##2.2 Data Preprocessing

###2.2.1 Reading the Dataset

In [None]:
import os

os.makedirs(os.path.join('..', 'data'), exist_ok = True)
data_file = os.path.join('..', 'data', 'house_tiny.csv')
with open(data_file, 'w') as f:
  f.write('''NumRooms, RoofType, Price
NA,NA,127500
2,NA,106000
4,Slate,178100
NA,NA,140000''')

In [None]:
import pandas as pd

data = pd.read_csv(data_file)
print(data)

###2.2.2 Data Preparation

In [None]:
inputs, targets = data.iloc[:, 0:2], data.iloc[:, 2]
inputs = pd.get_dummies(inputs, dummy_na = True)
print(inputs)

In [None]:
inputs = inputs.fillna(inputs.mean())
print(inputs)

###2.2.3 Conversion to the Tensor Format

In [None]:
import torch

X = torch.tensor(inputs.to_numpy(dtype=float))
y = torch.tensor(targets.to_numpy(dtype=float))
X, y

##Discussion & Exercises 2.2

2.2.1

  - Reading a CSV File
    - Use pandas to read CSV files, which are commonly used to store tabular data.
```
    import pandas as pd
    data = pd.read_csv('path_to_file.csv
    data
```
    - This will load the data into a pandas DataFrame, with each column representing a field and each row representing a record.
  - Handling Missing Data
    - In the dataset, missing values are represented as NaN (Not a Number).
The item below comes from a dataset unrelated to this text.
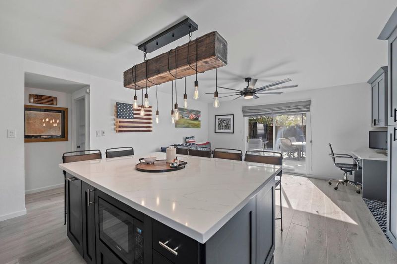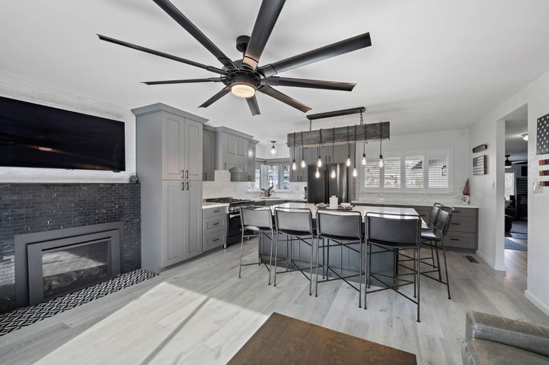 - Countertop - Quartz, Dishwasher, Exhaust Fan, Garbage Disposal, Hood Over Range, Island, Microwave, Oven Range - Gas, Refrigerator
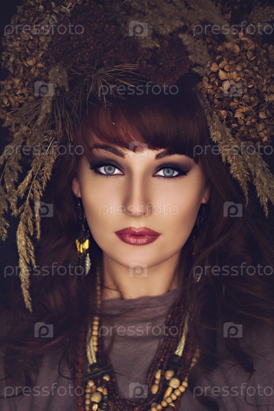 Красивая молодая женщина с сухими цветами на голове

These can be handled using pandas functions in the next steps.

2.2.2

1. Separating Input and Target Values
  - In supervised learning, separate input columns from target columns using `iloc` for indexing.

2. Handling Missing Values
  - Categorical Data : Use `pd.get_dummies` to convert categorical variables with missing values into multiple columns (one-hot encoding with a NaN category).

  - Numerical Data: Replace missing numerical values (NaN) with the mean value of the column.
  
  `input = inputs.fillna(inputs.mean())`

3. Imputation Techniques
  - Categorical Values : Convert missing values into binary columns.
  - Numerical Values : Use mean imputation to fill missing entries.